Ethno-racial identity
Several new ethno-racial identity summary score variables are available in the data release, capturing ethnicity and race based on baseline and longitudinal responses from youth and parents:
ab_g_stc__cohort_ethn
: Hispanic vs. non-Hispanic classification
ab_g_stc__cohort_ethnrace__leg
: 6-level legacy classification prioritizing Hispanic ethnicity
ab_g_stc__cohort_ethnrace__mblack
: 8-level classification highlighting Black identity in multiracial endorsements
ab_g_stc__cohort_ethnrace__mhisp
: 8-level classification highlighting Hispanic identity in multiracial endorsements
ab_g_stc__cohort_ethnrace__meim
: 15-level classification based on MEIM responses
ab_g_stc__cohort_race__nih
: 7-level classification based on NIH standards
Some of these variables are newly introduced in Release 6.0. More detail on how they are computed is available in the ABCDscores
package.
Household income
A new household income variable (ab_g_dyn__cohort_income__hhold__3lvl
) was created with three distinct levels (as well as "999"
=‘Do not know’ and "777"
=‘Decline to answer’):
- <$50,000
- $50,000 to <$100,000
- >=$100,000
This variable was developed to offer a convenient categorization of household income, reflecting a common practice among researchers using ABCD data. The selection of cut-offs for each income level was informed by an analysis of alternative categorization methods and a careful examination of cell sizes across all study time points. The goal was to ensure sufficient representation within each level while maintaining the meaningfulness of the income brackets.
This new variable is intended to facilitate ease of use in analysis, particularly for studies where more granular detail is not required. However, more detailed versions of the household income variable also remain available in the dataset (e.g. a variable with 5 levels, ab_g_dyn__cohort_income__hhold__5lvl
).
Anonymized Date of Birth
We changed the algorithm for how anonymized birthdates are computed in the 6.0 release. In previous releases, the algorithm always used the 15th day of the month in which a participant was born (for example, if a participant was born on April 18th, 2010, their anonymized birthdate was set to April 15th, 2010).
In the new algorithm, we first determine whether a participant’s birthday falls in the first half (1st–15th) or second half (16th–end) of the month. Then, for each birthday, we randomly select a new day within the same half of the month.
Friends, Family, & Community
This domain was previously referred to as “Culture and Environment”. Detailed information about the instruments, the constructs they are intended to measure, and relevant citations for each measure are provided in the Data Documentation.
Peer Behavior Profile (PBP) summary scores
The workgroup decided that Peer Behavior Profile (PBP) summary scores would not be included in this release, as the available items do not map clearly onto validated subscales. Researchers interested in using these data are encouraged to create their own summary scores using the individual pbp
items that best suit their specific analyses.

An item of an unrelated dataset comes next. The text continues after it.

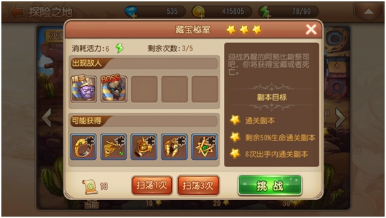 秘境宝藏包含两种玩法:每周一、三、五开启的侠盗试炼,参与可获取大量金币;每周二、四、六开启的防守恶魔,参与可获取大量经验。玩家每日拥有两次挑战机会。

Values Scale summary scores
The Values Scale currently lacks a summary score for the familism subscale, which will be included in a future data release. The familism construct is computed as follows:
- Baseline through 5-Year event: mean of the 17 items from the three scales:
- “Family Support”
- “Family Referent”
- “Family Obligation”
- Starting 6-Year event: mean of the 11 items from the two scales:
- “Family Support”
- “Family Referent”
The summary score computation will be included soon in the ABCDscores
package and can be used in analyses of 6.0 data.
Genetics
Consistent with the rest of the 6.0 data release, the NDAR_INV
prefix has been removed from all subject identifiers in files. Four individuals were also removed from files due to withdrawal of consent or familial genetic relatedness inconsistency. These individuals can be found in the file /dairc/concat/genetics/genotype_microarray/smokescreen/removed_individuals.txt
available in the file-based data.
Genetically derived family and birth IDs
In the 6.0 data release, 200 individuals have still not been genotyped from the full enrolled sample and so gn_y_genrel_id__fam
and gn_y_genrel_id__birth
are not defined for these individuals.
In previous data releases, family relatedness was captured by rel_family_id
, this variable is now named gn_y_genrel_id__fam
in the genetics table and crosslisted as ab_g_stc__design_id__fam__gen
in the ab_g_stc
table.
Linked External Data
School Information
In the 6.0 data release, we have subdivided the SEDA tables into logical subdivisions. Please note the table name changes in Data Documentation.
Data collection process
The original address data collection processes in ABCD relied on a point-in-time capture of residential addresses rather than recording longitudinal residential history. As such addresses reflect participants’ addresses at baseline (e.g., addr1
is primary address at baseline, addr2
secondary address at baseline, addr3
tertiary address at baseline).
We recognize this limitation and the LED Environment and Policy Workgroup has improved the collection of residential history data for more temporal and geographic accuracy of participants’ reported addresses. Future releases will incorporate more comprehensive and accurate address data, but until then, users should be mindful of the limitations of currently available data.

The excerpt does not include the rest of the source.